67/MULK-8: Tekâdu temeyyezu minel gayz(gayzi), kullemâ ulkıye fîhâ fevcun seelehum hazenetuhâ e lem ye’tikum nezîr(nezîrun).

(Cehennem) nerede ise öfkesinden çatlayacak gibi olur. Oraya herbir grup atılışında onun (cehennemin) bekçileri onlara: “Size nezir (uyarıcı) gelmedi mi?” diye sordu.


“tekâdu temeyyezu minel gayz(gayzi), kullemâ ulkıye fîhâ fevcun seelehum hazenetuhâ e lem ye’tikum nezîr(nezîrun).”

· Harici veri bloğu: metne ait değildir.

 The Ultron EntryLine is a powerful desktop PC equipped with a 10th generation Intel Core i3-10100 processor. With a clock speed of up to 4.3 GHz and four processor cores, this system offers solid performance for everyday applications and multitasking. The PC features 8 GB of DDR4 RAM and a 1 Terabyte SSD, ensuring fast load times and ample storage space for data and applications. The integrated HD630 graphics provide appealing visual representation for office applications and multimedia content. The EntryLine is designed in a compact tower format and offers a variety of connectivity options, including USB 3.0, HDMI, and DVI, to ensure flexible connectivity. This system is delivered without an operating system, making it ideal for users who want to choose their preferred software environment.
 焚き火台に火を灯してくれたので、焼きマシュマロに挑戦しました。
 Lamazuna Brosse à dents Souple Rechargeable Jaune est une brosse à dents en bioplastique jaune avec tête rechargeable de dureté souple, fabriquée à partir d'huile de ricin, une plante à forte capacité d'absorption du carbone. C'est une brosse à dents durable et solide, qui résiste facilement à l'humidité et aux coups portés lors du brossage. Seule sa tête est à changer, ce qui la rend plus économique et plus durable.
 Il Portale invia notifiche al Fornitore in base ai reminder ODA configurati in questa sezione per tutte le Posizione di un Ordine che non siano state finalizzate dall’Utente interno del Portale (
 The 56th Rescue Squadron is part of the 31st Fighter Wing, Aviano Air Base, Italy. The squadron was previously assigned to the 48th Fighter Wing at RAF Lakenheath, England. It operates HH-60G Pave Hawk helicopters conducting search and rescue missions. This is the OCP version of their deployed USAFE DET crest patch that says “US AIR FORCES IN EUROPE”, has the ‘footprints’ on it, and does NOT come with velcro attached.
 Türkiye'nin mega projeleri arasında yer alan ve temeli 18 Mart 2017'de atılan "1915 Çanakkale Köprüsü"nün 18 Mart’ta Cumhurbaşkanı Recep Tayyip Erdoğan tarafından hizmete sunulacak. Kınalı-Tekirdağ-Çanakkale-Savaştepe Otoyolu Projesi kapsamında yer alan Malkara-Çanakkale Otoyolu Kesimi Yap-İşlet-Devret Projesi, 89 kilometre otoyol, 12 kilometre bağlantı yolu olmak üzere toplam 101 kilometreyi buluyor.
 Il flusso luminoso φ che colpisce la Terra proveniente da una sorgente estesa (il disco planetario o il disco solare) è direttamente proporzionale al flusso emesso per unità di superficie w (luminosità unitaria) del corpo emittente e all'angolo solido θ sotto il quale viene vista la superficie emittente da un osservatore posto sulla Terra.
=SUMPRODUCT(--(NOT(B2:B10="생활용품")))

“(Cehennem) nerede ise öfkesinden çatlayacak gibi olur. Her bir grup cehenneme atıldığında cehennem bekçileri (vazifelileri) onlara: ‘Size nezir (ikaz edici, uyarıcı) gelmedi mi?”

Nezir; aynı zamanda resûl.

 

Mulk-9:

 

67/MULK-9: Kâlû belâ kad câenâ nezîrun fe kezzebnâ ve kulnâ mâ nezzelallâhu min şey'in entum illâ fî dalâlin kebîr(kebîrin).

Onlar (cehenneme atılanlar) dediler ki: “Evet, bize nezir gelmişti. Fakat biz onu yalanladık ve Allah hiçbir şey indirmemiştir, siz ancak büyük bir dalâlet içindesiniz, dedik.”


kâlû belâ: Dediler ki: “Evet.”

kad câenâ nezîrun: Bize nezir geldi (nezir).

fe kezzebnâ: Biz onu yalanladık (tekzip ettik).

ve kulnâ mâ nezzelallâhu min şey'in: Ve biz ona dedik ki: “Allah hiçbir şey indirmemiştir.”

entum illâ fî dalâlin kebîr(kebîrin): Ve: “Siz büyük bir (sapıklık içindesiniz) dalâlet içindesiniz.” dedik.

 

Mulk-10:

 

67/MULK-10: Ve kâlû lev kunnâ nesmeu ev na'kılu mâ kunnâ fî ashâbis saîr(saîri).

Ve: “Eğer biz işitmiş veya akıl etmiş olsaydık, alevli ateş halkı arasında olmazdık.” dediler.


“ve kâlû lev kunnâ nesmeu ev na'kılu mâ kunnâ fî ashâbis saîr(saîri).”


“Ve derler ki: Eğer biz işitmiş ve akıl etmiş olsaydık, burada cehennem de mi olurduk (burada ateş ehlinin içinde mi olurduk)?”

 

Kim bu insanlar? Bu insanlar nezirin sözlerine karşı çıkanlar. Karşı çıktıkları için Allahû Tealâ gözlerini, kulaklarını, kalplerini kapatıyor ve eğer sadece dinlemiş olsalar anlayacaklar, anlayınca; yani pozitif istikametteki bir yaklaşımla yaklaşırlarsa Allahû Tealâ açacak kalp gözlerini, kalp kulaklarını ve anlayacaklar. Karşı çıkmayanlar için Allahû Tealâ’nın onların kalp gözlerini, kalp kulaklarını kapatması söz konusu değil.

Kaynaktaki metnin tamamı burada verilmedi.